Work task: In the material below, find the line containing "Enjoy Colorado living" and the line containing "Maandag een leuk", then reproduce exactly both of them and every line between, and nothing else.

Data for the task:
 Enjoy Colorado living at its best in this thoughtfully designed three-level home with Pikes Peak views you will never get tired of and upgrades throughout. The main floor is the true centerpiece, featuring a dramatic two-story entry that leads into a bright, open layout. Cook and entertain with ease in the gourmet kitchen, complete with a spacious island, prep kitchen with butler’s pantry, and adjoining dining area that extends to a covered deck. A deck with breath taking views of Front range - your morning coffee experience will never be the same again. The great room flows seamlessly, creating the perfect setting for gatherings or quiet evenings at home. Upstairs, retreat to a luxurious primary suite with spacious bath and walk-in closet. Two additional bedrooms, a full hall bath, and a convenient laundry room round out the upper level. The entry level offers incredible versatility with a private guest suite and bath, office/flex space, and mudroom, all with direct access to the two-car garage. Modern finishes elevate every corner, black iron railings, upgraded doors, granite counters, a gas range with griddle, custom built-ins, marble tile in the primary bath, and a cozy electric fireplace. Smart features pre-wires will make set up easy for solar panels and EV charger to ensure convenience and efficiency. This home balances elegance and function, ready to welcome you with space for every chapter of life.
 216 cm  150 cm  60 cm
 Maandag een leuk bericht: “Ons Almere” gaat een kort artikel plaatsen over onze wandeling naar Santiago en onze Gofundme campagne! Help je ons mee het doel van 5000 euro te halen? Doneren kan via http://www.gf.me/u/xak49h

...

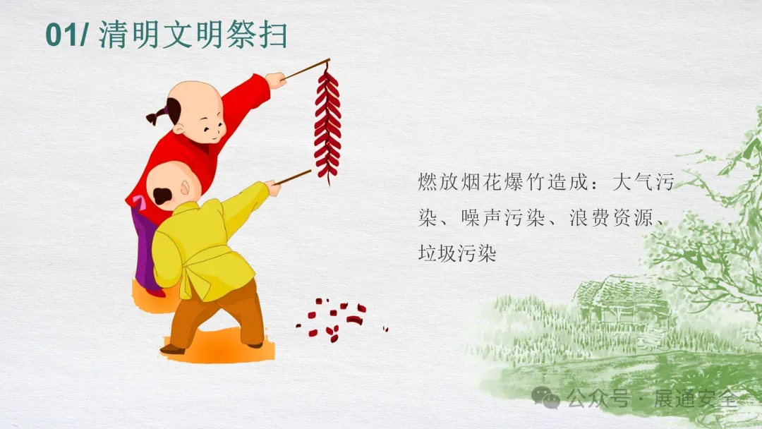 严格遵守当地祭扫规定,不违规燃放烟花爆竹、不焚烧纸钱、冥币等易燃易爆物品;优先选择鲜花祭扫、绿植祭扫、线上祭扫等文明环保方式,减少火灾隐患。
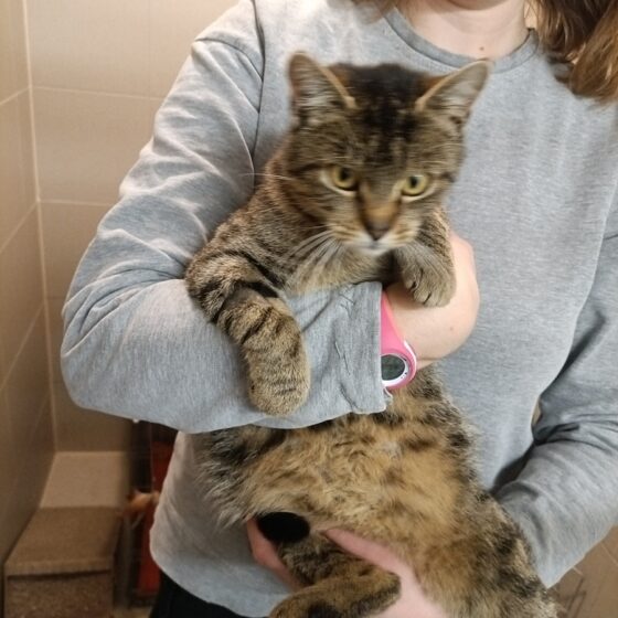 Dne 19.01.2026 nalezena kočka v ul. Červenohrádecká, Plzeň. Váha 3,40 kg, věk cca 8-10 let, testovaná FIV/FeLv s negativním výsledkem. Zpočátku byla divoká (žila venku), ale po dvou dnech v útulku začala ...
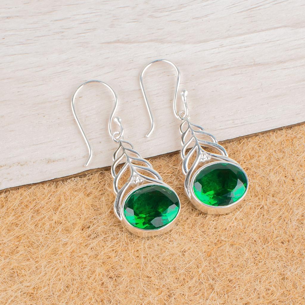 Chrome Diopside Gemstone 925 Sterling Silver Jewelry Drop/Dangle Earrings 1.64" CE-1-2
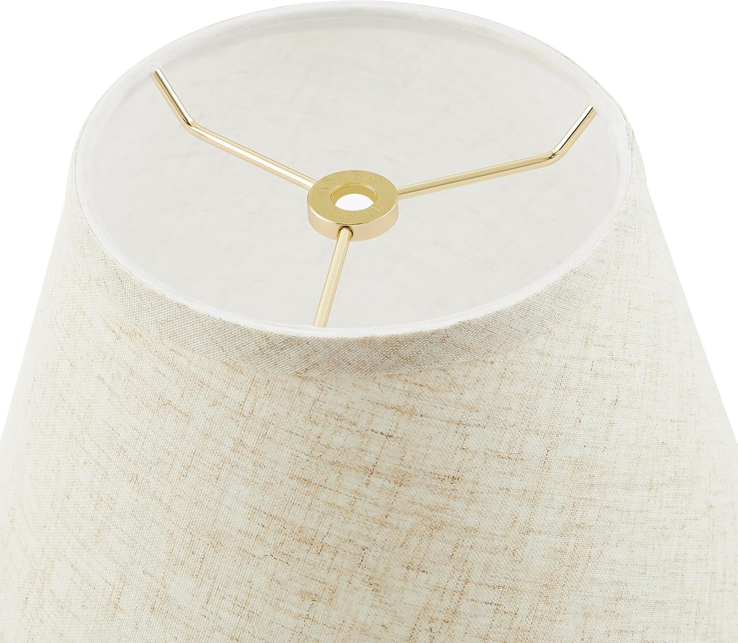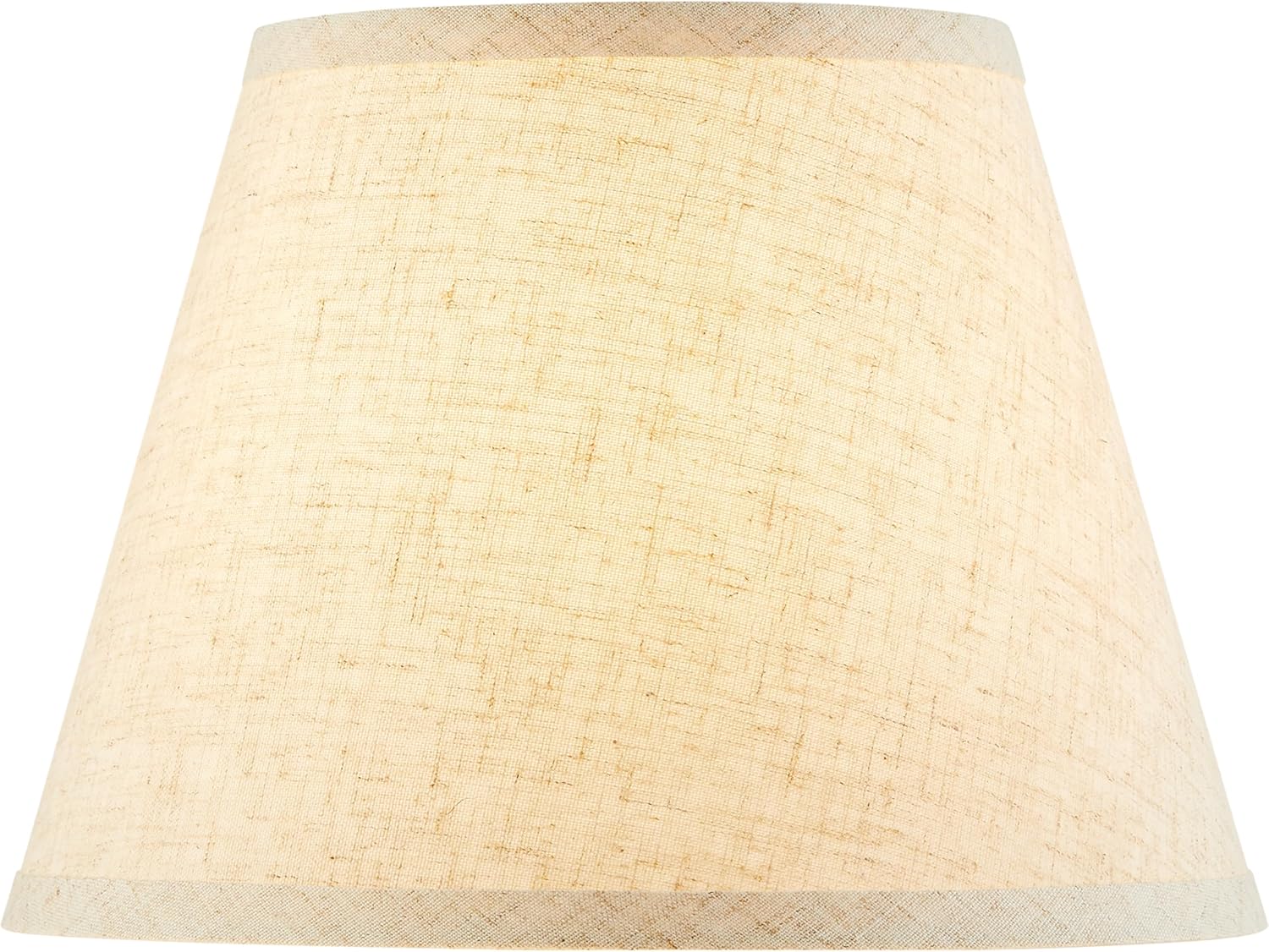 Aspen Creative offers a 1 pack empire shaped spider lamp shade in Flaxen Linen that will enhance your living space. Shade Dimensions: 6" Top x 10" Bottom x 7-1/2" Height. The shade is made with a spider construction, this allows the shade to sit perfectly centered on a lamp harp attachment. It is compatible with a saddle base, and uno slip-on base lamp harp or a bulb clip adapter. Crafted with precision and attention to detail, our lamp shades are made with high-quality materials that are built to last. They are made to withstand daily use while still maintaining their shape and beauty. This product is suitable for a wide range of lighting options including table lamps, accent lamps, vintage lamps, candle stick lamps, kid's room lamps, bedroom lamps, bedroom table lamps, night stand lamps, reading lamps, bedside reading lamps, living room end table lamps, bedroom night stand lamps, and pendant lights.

Your response:
 Enjoy Colorado living at its best in this thoughtfully designed three-level home with Pikes Peak views you will never get tired of and upgrades throughout. The main floor is the true centerpiece, featuring a dramatic two-story entry that leads into a bright, open layout. Cook and entertain with ease in the gourmet kitchen, complete with a spacious island, prep kitchen with butler’s pantry, and adjoining dining area that extends to a covered deck. A deck with breath taking views of Front range - your morning coffee experience will never be the same again. The great room flows seamlessly, creating the perfect setting for gatherings or quiet evenings at home. Upstairs, retreat to a luxurious primary suite with spacious bath and walk-in closet. Two additional bedrooms, a full hall bath, and a convenient laundry room round out the upper level. The entry level offers incredible versatility with a private guest suite and bath, office/flex space, and mudroom, all with direct access to the two-car garage. Modern finishes elevate every corner, black iron railings, upgraded doors, granite counters, a gas range with griddle, custom built-ins, marble tile in the primary bath, and a cozy electric fireplace. Smart features pre-wires will make set up easy for solar panels and EV charger to ensure convenience and efficiency. This home balances elegance and function, ready to welcome you with space for every chapter of life.
 216 cm  150 cm  60 cm
 Maandag een leuk bericht: “Ons Almere” gaat een kort artikel plaatsen over onze wandeling naar Santiago en onze Gofundme campagne! Help je ons mee het doel van 5000 euro te halen? Doneren kan via http://www.gf.me/u/xak49h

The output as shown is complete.